**Assignment**
The data below is to be transcribed word for word; pictures are to be excluded.

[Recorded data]
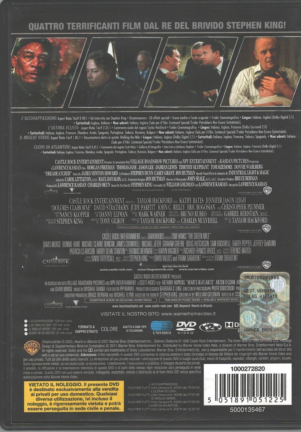 | Titolo: | 4 Grandi Film – King of horror (4 DVD) – DVD in Italiano (L’acchiappasogni, Il miglio verde, L’ultima eclissi, Cuori in Atlantide) |
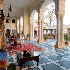 The Raj Palace (Originally Called “The Chaumoo Haveli” was built in 1727 and named after the last ruler of Chaumoo Thakur Raj Singh. In 1996 Princess Jayendra Kumari (Present owner) transformed it into a luxurious palace hotel while retaining its grandeur along with original artefacts from the bygone era.
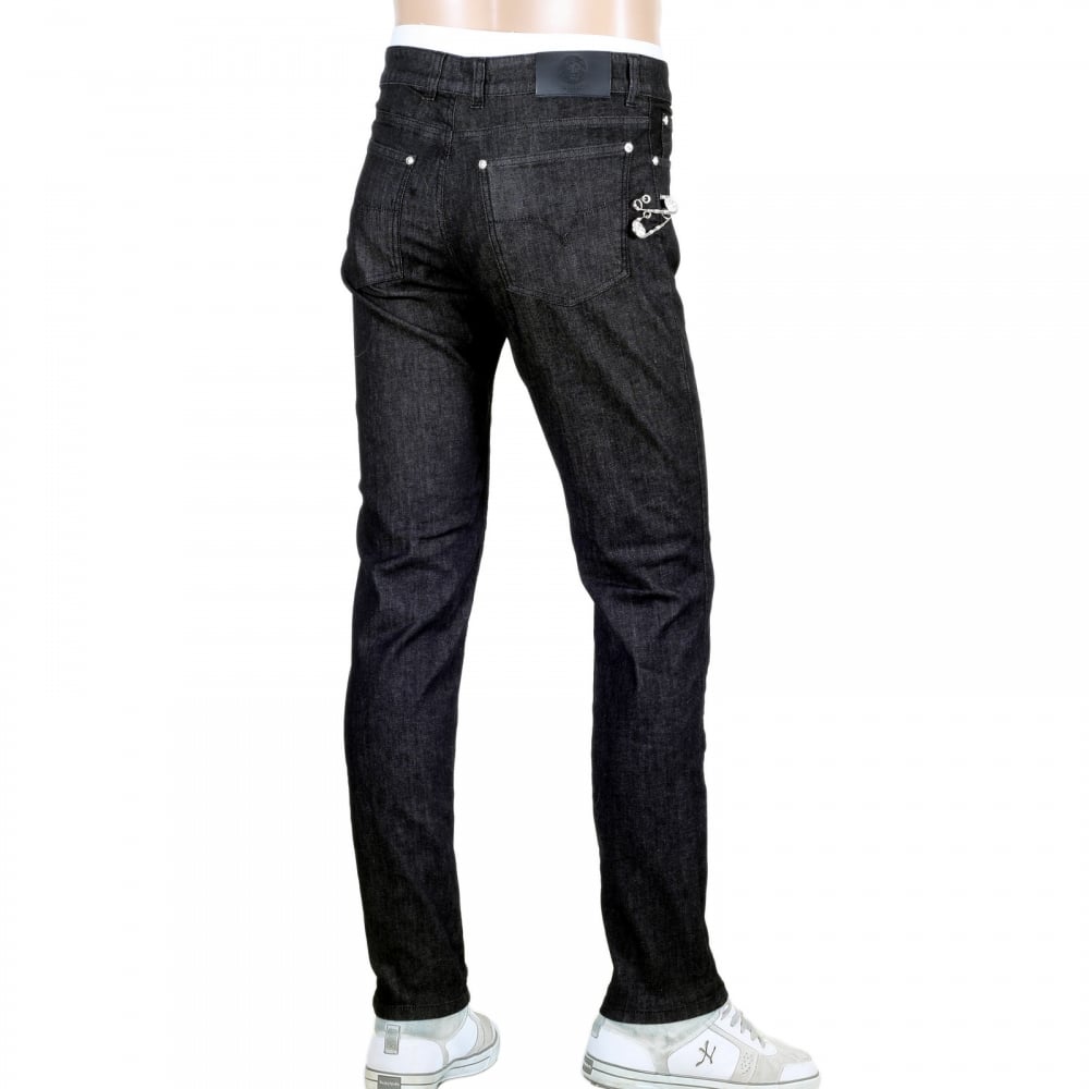 Black Slim Fit Low Waist Stretch Jeans with Silver Lion Head Studs and Removable Lion Head Safety Pins
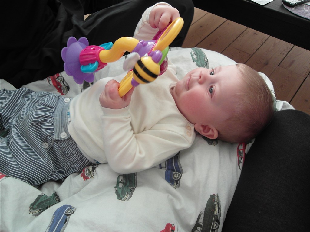 Han fik en masse dejlige LARMENDE gaver i fødselsdagsgaver. Værktøjsbænk, brio gåvogn, den røde motocykel + anhænger, flyverdragt, vinterjakke, bukser, gravko, brandbil, 6 biler.. ja.. osv
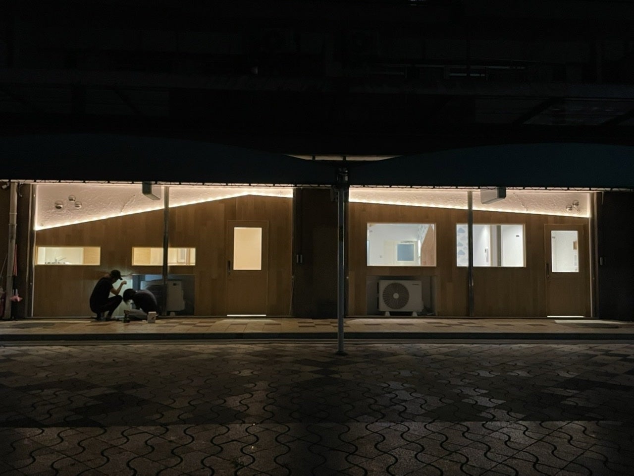 夜の作業の様子の写真を送ってもらいました。ちたこどもの家 Lenteの入り口でお待ちする小さなお家。奥に目をやると… 芝生がなぜか見える笑笑寝転がりたい…笑笑完成間近なLenteの内装です。この設計、デザインを担当くださった「デザインストック 蔵」の代表 横倉優史さんをして「めちゃめちゃいい感じ」と言わしめる出来!うーん、満足です。写真は全て横倉さん撮影です。https://dskura.jp/知多市つつじヶ丘団地びすた〜り様%E3%80%80新装工事⑧/ありがとうございます。せっかくなので、お隣の大人スペース「地域活動支援センターふるぼ」の内装もご紹介しましょう。ホワイトボードを囲んでグループワークができます。当事者研究もここで執り行います。今度はシステムキッチンがあります。ゆっくりくつろげそうな空間になっているでしょうか…。夜もまた、おしゃれです〜。はぁ、ゆっくりしたいぃぃ〜

**Task result**
 | Titolo: | 4 Grandi Film – King of horror (4 DVD) – DVD in Italiano (L’acchiappasogni, Il miglio verde, L’ultima eclissi, Cuori in Atlantide) |
 The Raj Palace (Originally Called “The Chaumoo Haveli” was built in 1727 and named after the last ruler of Chaumoo Thakur Raj Singh. In 1996 Princess Jayendra Kumari (Present owner) transformed it into a luxurious palace hotel while retaining its grandeur along with original artefacts from the bygone era.
 Black Slim Fit Low Waist Stretch Jeans with Silver Lion Head Studs and Removable Lion Head Safety Pins
 Han fik en masse dejlige LARMENDE gaver i fødselsdagsgaver. Værktøjsbænk, brio gåvogn, den røde motocykel + anhænger, flyverdragt, vinterjakke, bukser, gravko, brandbil, 6 biler.. ja.. osv
 夜の作業の様子の写真を送ってもらいました。ちたこどもの家 Lenteの入り口でお待ちする小さなお家。奥に目をやると… 芝生がなぜか見える笑笑寝転がりたい…笑笑完成間近なLenteの内装です。この設計、デザインを担当くださった「デザインストック 蔵」の代表 横倉優史さんをして「めちゃめちゃいい感じ」と言わしめる出来!うーん、満足です。写真は全て横倉さん撮影です。https://dskura.jp/知多市つつじヶ丘団地びすた〜り様%E3%80%80新装工事⑧/ありがとうございます。せっかくなので、お隣の大人スペース「地域活動支援センターふるぼ」の内装もご紹介しましょう。ホワイトボードを囲んでグループワークができます。当事者研究もここで執り行います。今度はシステムキッチンがあります。ゆっくりくつろげそうな空間になっているでしょうか…。夜もまた、おしゃれです〜。はぁ、ゆっくりしたいぃぃ〜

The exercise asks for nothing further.